Task brief: Working from the start of the listing, please write out exactly the lines through the one that holds "Intercorrelation among independent", both included, and omit all pictures.

Study material:
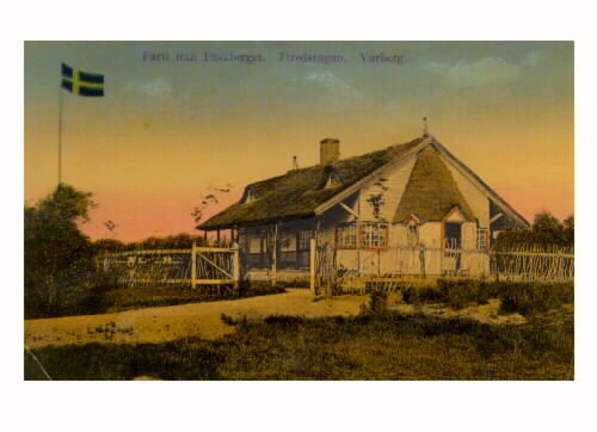 Vykort, "Parti från Påskberget. Tivedstugan. Varberg." Serveringsbyggnaden stod på Nya Påskberget. Den blev sedermera scoutstuga men finns inte kvar idag.
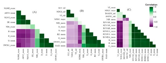 Intercorrelation among independent variables derived from (A) L8, (B) S2, and (C) PS images. See Table 4 for the descriptions of the notations used to represent the independent variables.
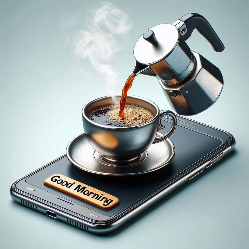 imagen de un celular con un letrero (Buenos días), de la pantalla del celular emerge una tasa plateada con su plato, la tasa contiene café, humo saliendo del café y una cafetera vierte café en la tasa, el celular está inclinado en ángulo de 45 grados
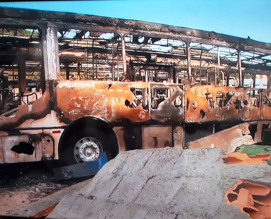 Incêndio atinge garagem da antiga BTU em Brotas; ao menos 48 ônibus foram queimados
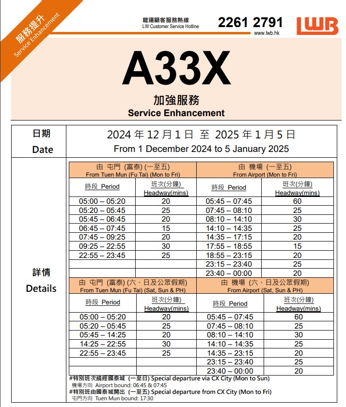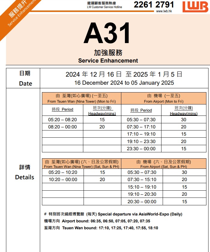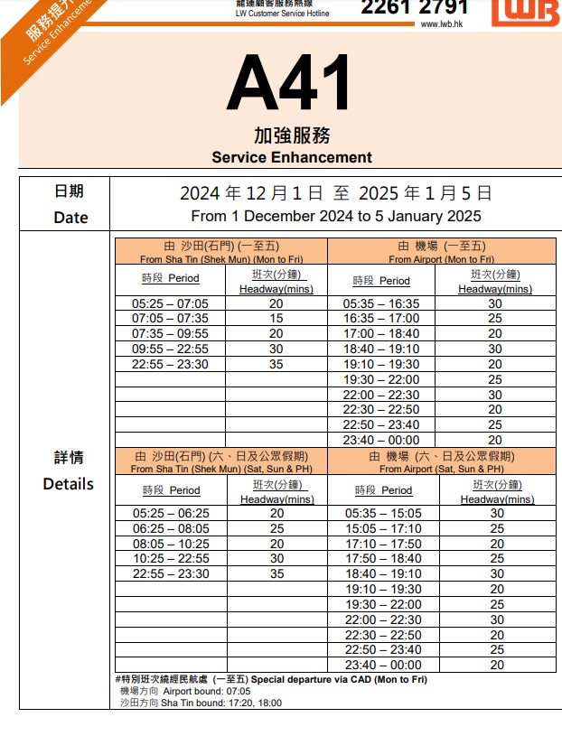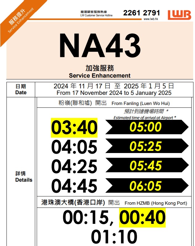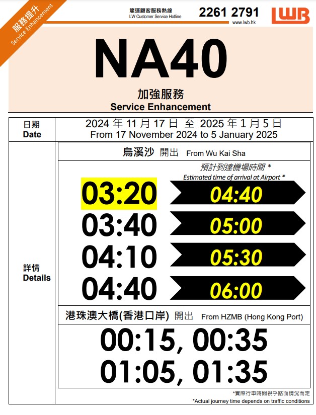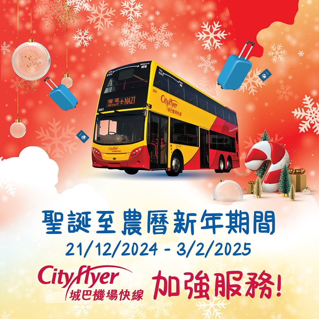 另外,由即日起至2025年2月3日,城巴加強NA路線服務(wù),包括NA21港珠澳大橋香港口岸/機場往返旺角、NA10鴨脷洲往返機場/港珠澳大橋香港口岸、NA12杏花邨往返機場/港珠澳大橋香港口岸 、NA29將軍澳(寶琳)往返機場/港珠澳大橋香港口岸及各日間路線加強清晨時段班次,便利市民有市區(qū)前往機場。

Response for this exercise:
 Vykort, "Parti från Påskberget. Tivedstugan. Varberg." Serveringsbyggnaden stod på Nya Påskberget. Den blev sedermera scoutstuga men finns inte kvar idag.
 Intercorrelation among independent variables derived from (A) L8, (B) S2, and (C) PS images. See Table 4 for the descriptions of the notations used to represent the independent variables.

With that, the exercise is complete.